## PROBLEM STATEMENT
Print the lines in the listing below starting at the line with "Jesienne święto dyni" and ending at the line with "Leader of Opposition in the Lok", both included. Reproduce them exactly and omit every picture.

## DATA UNDER STUDY
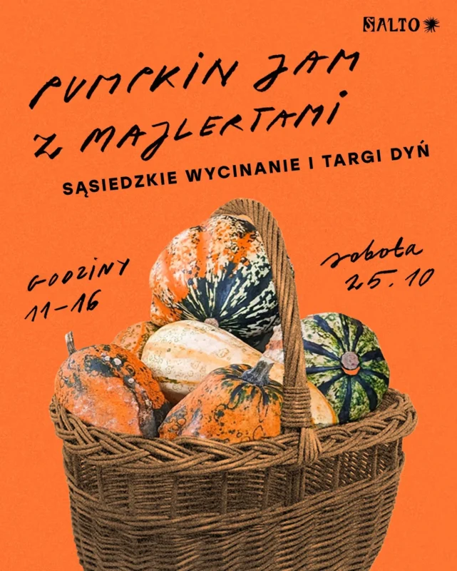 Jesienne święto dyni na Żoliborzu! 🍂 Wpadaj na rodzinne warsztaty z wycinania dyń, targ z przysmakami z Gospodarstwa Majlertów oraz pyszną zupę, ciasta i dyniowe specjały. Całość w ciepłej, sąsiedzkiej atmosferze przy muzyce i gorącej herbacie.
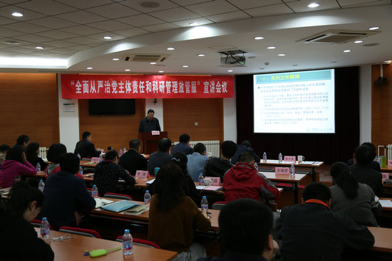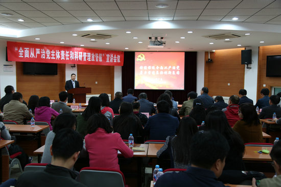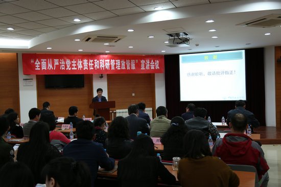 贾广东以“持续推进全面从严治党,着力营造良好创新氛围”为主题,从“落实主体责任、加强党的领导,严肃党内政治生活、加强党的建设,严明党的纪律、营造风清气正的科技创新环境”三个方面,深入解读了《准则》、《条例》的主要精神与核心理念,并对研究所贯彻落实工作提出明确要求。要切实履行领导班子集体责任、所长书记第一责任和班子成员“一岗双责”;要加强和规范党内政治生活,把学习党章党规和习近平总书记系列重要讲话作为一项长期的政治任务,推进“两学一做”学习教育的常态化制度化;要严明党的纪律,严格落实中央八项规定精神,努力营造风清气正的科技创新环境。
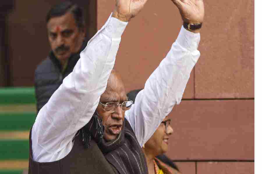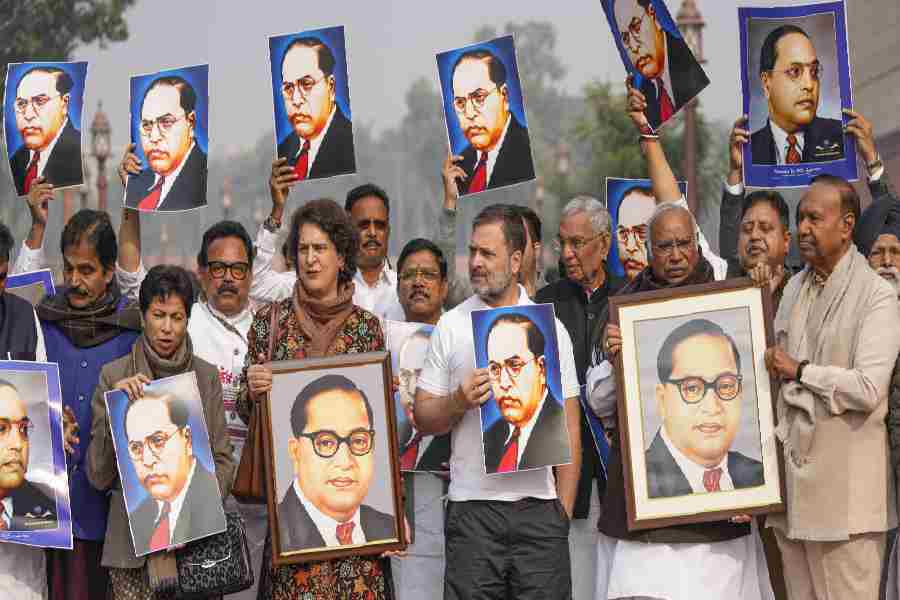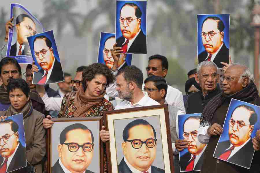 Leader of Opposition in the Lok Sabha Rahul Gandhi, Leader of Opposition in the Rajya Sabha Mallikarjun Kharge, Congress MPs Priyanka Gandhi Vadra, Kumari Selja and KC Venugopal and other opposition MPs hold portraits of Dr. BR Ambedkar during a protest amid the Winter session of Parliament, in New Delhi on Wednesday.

...

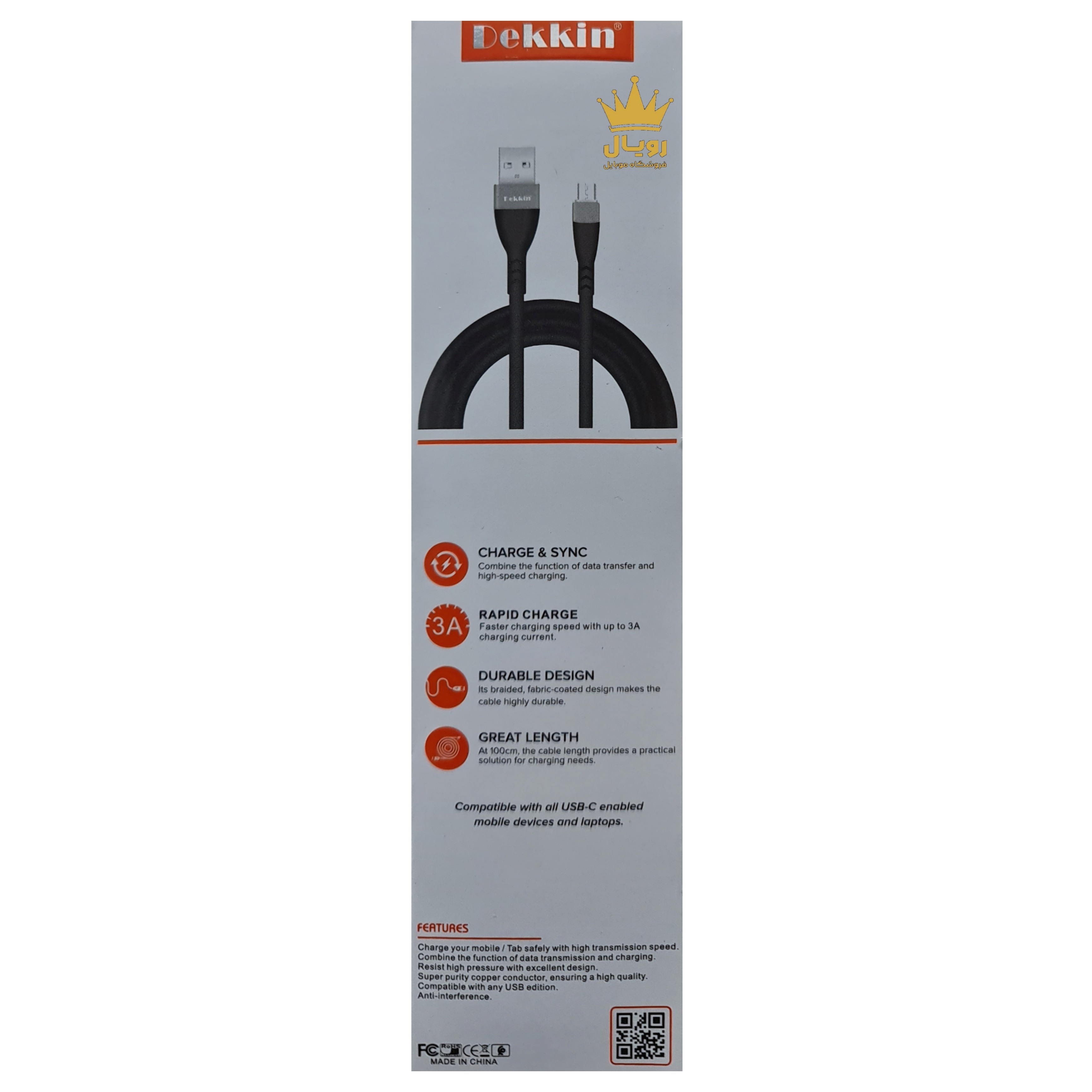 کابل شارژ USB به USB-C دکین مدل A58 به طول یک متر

## YOUR RESPONSE
 Jesienne święto dyni na Żoliborzu! 🍂 Wpadaj na rodzinne warsztaty z wycinania dyń, targ z przysmakami z Gospodarstwa Majlertów oraz pyszną zupę, ciasta i dyniowe specjały. Całość w ciepłej, sąsiedzkiej atmosferze przy muzyce i gorącej herbacie.
 贾广东以“持续推进全面从严治党,着力营造良好创新氛围”为主题,从“落实主体责任、加强党的领导,严肃党内政治生活、加强党的建设,严明党的纪律、营造风清气正的科技创新环境”三个方面,深入解读了《准则》、《条例》的主要精神与核心理念,并对研究所贯彻落实工作提出明确要求。要切实履行领导班子集体责任、所长书记第一责任和班子成员“一岗双责”;要加强和规范党内政治生活,把学习党章党规和习近平总书记系列重要讲话作为一项长期的政治任务,推进“两学一做”学习教育的常态化制度化;要严明党的纪律,严格落实中央八项规定精神,努力营造风清气正的科技创新环境。
 Leader of Opposition in the Lok Sabha Rahul Gandhi, Leader of Opposition in the Rajya Sabha Mallikarjun Kharge, Congress MPs Priyanka Gandhi Vadra, Kumari Selja and KC Venugopal and other opposition MPs hold portraits of Dr. BR Ambedkar during a protest amid the Winter session of Parliament, in New Delhi on Wednesday.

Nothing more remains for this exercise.